Out With The Old,
In With The New Attitude!
Well here we are coming up to another year...wow, where did 2012 go? It seems like a blur to me especially. With a lot of change going on in my life both negative and yet positive. I try so hard to refocus on what is important. Yes, my kids are important but they are more independent which is good...well kind of, the boys still need a kick start ever so often, but for the most part, just letting them know I am there is the most important thing I can do for them.
In 2011, I started back to work full-time at a custom shirt company. It's been a difficult year to say the least. Made ok money at first, but then when I was on my own and dealing with 1/2 the debt. I soon realized that that job I had was not cutting it. I've been in search for another higher paying job since then or a second job...all I can say Im glad I have a job at all. The search has been insane. Bogus interviews, commission only, no benefit (thank you already have that), too much experience, not enough experience. Creates a fear in me about my children's future.

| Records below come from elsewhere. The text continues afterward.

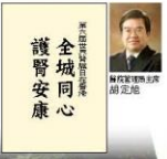
「第六屆世界腎臟日在香港」於三月十三日假香港會議展覽中心舉行，八百多名醫務人員、專業及家屬團體參加，由黃及陳主席主持開幕禮。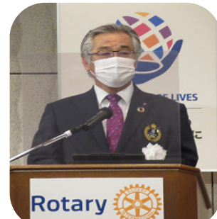
【ガバナー補佐宮尾英明様】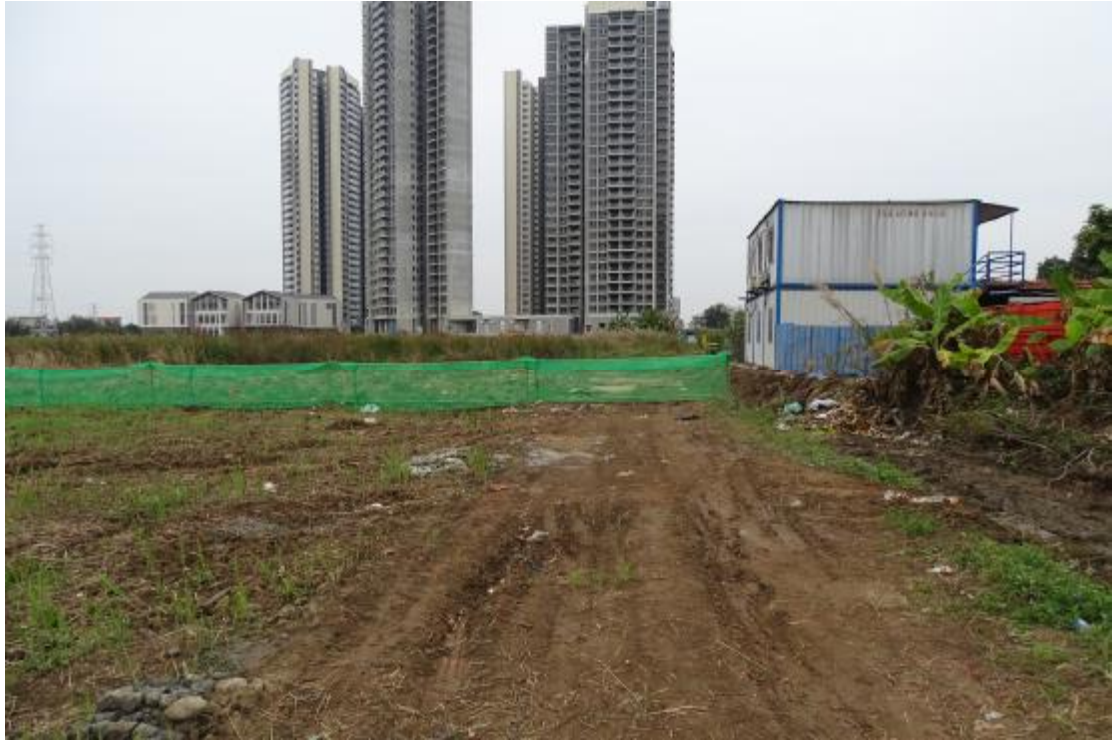
图 8 地表现状（北-南）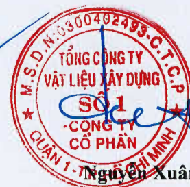
Nguyễn Xuân Thắng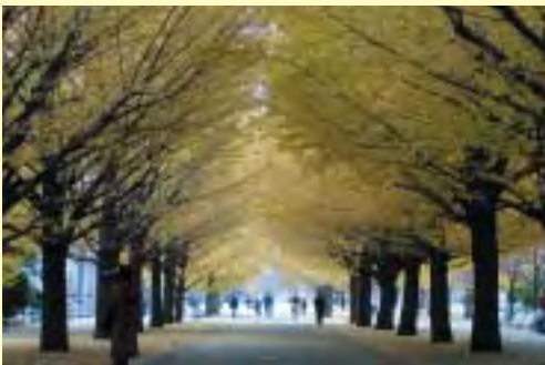
光が丘公園の銀杏並木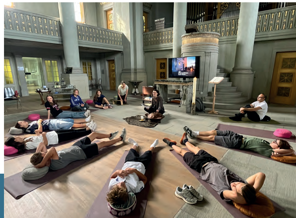
Bild: Konfirmanden Lager in Bern mit Ausflug in die Friedenskirche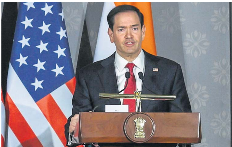
Według Rubio USA cały czas są gotowe do mediacji między Ukrainą i Rosją

Według Rubio Stany Zjednoczone pozostają też cały czas gotowe do mediacji między Ukrainą i Rosją. - USA są chętne zrobić wszystko, co w naszej mocy, aby ułatwić zakończenie tej wojny i mamy nadzieję, że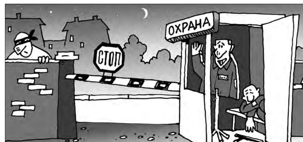
Рисунок Андрея Горшкова.

Казалось бы, подобное трудоустройство навсегда должно отбить охоту работать «втемную». Но, видимо, наверху было задумано так, чтобы я прошёл испытания до конца. Весь февраль я опять безуспешно штурмовал всевозможные охранные предприятия, отделы кадров учреждений и организаций, альтернативные биржи труда. Про последние могу сказать классическое: сплошные «рога и копыта». Так, в Кемерово работает некая региональная биржа труда. Располагается она в неприглядном, полузатрапезном здании по проспекту Кузнецкому. В тесном кабинетике сидят две бойкие девушки и скороговоркой рассказывают об условиях сотрудничества. Весь смысл их действий сводится к тому, чтобы выманить у клиента 700 рублей за составление электронной анкеты и отправить его восвояси. На вопрос, как можно пообщаться с потенциальными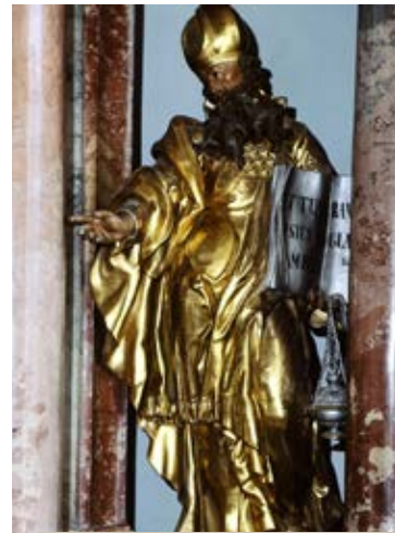
Der greise Simeon

Der Altaraufbau stammt vom Stuckateur Bartlmä Gratl aus Amras (1748/49). Die Statuen wurden vom Bildhauer Balthasar Horer aus dem Kaunertal (Oberinntal) geschaffen – wohl noch in Zusammenarbeit mit Johann Baptist Forster - und vom Maler Joseph Wengenmayr aus Leininger (D) gefasst, der die Seele der ganzen Arbeit gewesen zu sein scheint und alles aufeinander abgestimmt hat. Bartlmä Gratl hat auch das Chorgewölbe mit Stuckaturen geschmückt.

On top of it all I miss the ARTwalks, mingling with other artists to get those creative juices flowing again. My energy level has been slim and nap. That is about it anymore. Injuries make it even more difficult to get my enthusiasm back. In short, hurt my ankle in a mud run, didn't allow enough time to heal properly went to my back and been dealing with pain for three months solid. This is a very excuse for me to become an alcoholic...but I won't. Think of the children, Teresa, think of the children...oh wait it's that 19 year old that drove you to drink when she was in high school. Ok Teresa, you can do this, you can be strong. It's in you.
Oh - and don't even get me started on dating at my age. I'd rather stick a hot poker in my eyeball than to deal with the morons out there. Note to self: " No more good men in Charlotte - go find gay sugar daddy". Yep you read it right. Come on think about it. He'd make a great friend AND i'd have someone going to all the art shows and wine tasting I wanted...true friends til the end.

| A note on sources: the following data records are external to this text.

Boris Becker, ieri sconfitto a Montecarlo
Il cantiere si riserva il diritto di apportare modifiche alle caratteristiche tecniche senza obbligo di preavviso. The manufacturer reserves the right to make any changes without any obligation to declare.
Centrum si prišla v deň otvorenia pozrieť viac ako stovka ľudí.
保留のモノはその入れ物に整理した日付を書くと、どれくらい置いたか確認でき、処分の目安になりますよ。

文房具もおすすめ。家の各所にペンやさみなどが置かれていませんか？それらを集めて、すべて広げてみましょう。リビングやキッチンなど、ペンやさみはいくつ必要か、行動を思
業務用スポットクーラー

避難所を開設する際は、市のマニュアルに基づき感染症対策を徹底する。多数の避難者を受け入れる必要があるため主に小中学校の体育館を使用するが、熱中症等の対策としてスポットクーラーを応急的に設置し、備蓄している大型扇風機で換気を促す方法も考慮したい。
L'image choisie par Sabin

All in all - I have to start this new year with a new attitude. I want my kids to be happy (and they are - it's just the mother in us) and yes, I would like to be happy. But the only way that is going to happen, is to be determined that working hard will end up paying off...yes, you might be dead, but think of the role model you will be. (I am being very sarcastic right now if you don't know me).
I need to find that one thing (beside chocolate) that can create that drive in me again? I do know one thing that has kept me together this long. And it's the TRUTH people: "With Christ, ALL Things Are Possible" - Amen.